- Died: 1773

= Thomas Bedford (historian) =

Nonjuror and Church historian (died 1773)

Thomas Bedford (died 1773) was a nonjuror and church historian, the second son of Hilkiah Bedford (1663–1724), the nonjuring Bishop and his wife Alice Cooper.

==Life==
Bedford was educated at Westminster School, and proceeded to St. John's College, Cambridge, admitted as sizar (age 17) in May 1724. As a result of his nonjuring principles he did not take a degree as that required an oath of loyalty to George I. He was admitted into priests orders in the nonjuring Church of England by Bishop Henry Gandy on 27 December 1731, and became chaplain in the family of Sir John Cotton, with whom he afterwards lived at Angers. In 1736 he returned to England and his next home was in the county of Durham, where his sister was married to the nonjuring Bishop George Smith, son of Dr. John Smith, the learned editor of Bede. Here Bedford prepared an edition of Symeon of Durham's De Exordio atque Procursu Dunhelmensis Ecclesiæ libellus, from what he supposed to be an original or contemporary manuscript in the cathedral library; from the same manuscript he added "a continuation to the year 1164, and an account of the hard usage Bishop William received from Rufus", and he prefaced the work with a dissertation by Thomas Rudd. This book was published by subscription in 1732.
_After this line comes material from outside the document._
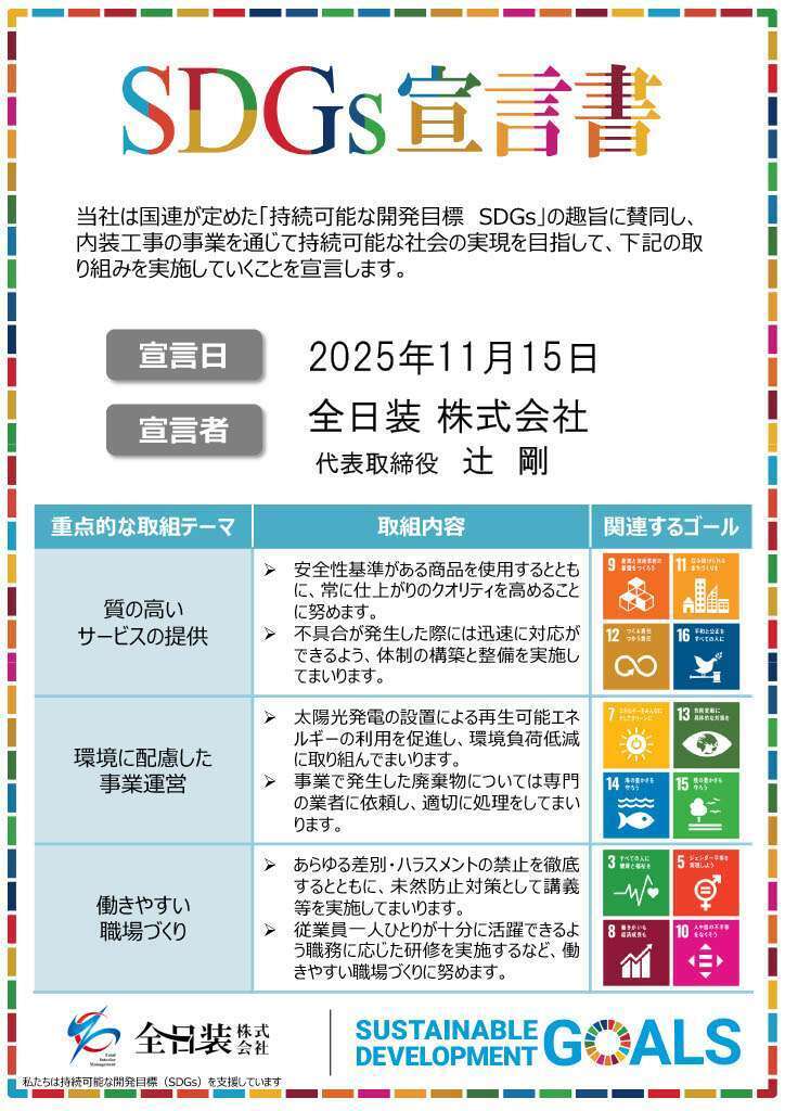 この度、私たち全日装 株式会社は、持続可能な開発目標(SDGs)の達成に貢献することを目指し、自社の「SDGs宣言」を策定いたしましたことをご報告いたします。

In late 1741 Bedford moved to Derbyshire, at Compton, near Ashbourne, to take over the local nonjuring community from the late Rev Burdyn at a stipend of £40 per annum. He would continue in this role until 1773, becoming one of the last nonjuring priests in the country.
He wrote an historical catechism in 1742. The first edition was taken from the Abbé Fleury's "Catéchisme Historique", but the second was so much altered that he omitted the abbé's name from the title-page. Bedford was a friend of Ellis Farneworth, the translator, and is said to have translated for him Fleury's Short History of the Israelites, published in Farneworth's name, in order to raise a few pounds for his friend when in pecuniary distress. Bedford lived at Compton until his death in February 1773. His will left sums to relatives and other nonjurors, including £20 to be distributed amongst the children of Dr Thomas Deacon, a nonjuring Bishop in Manchester.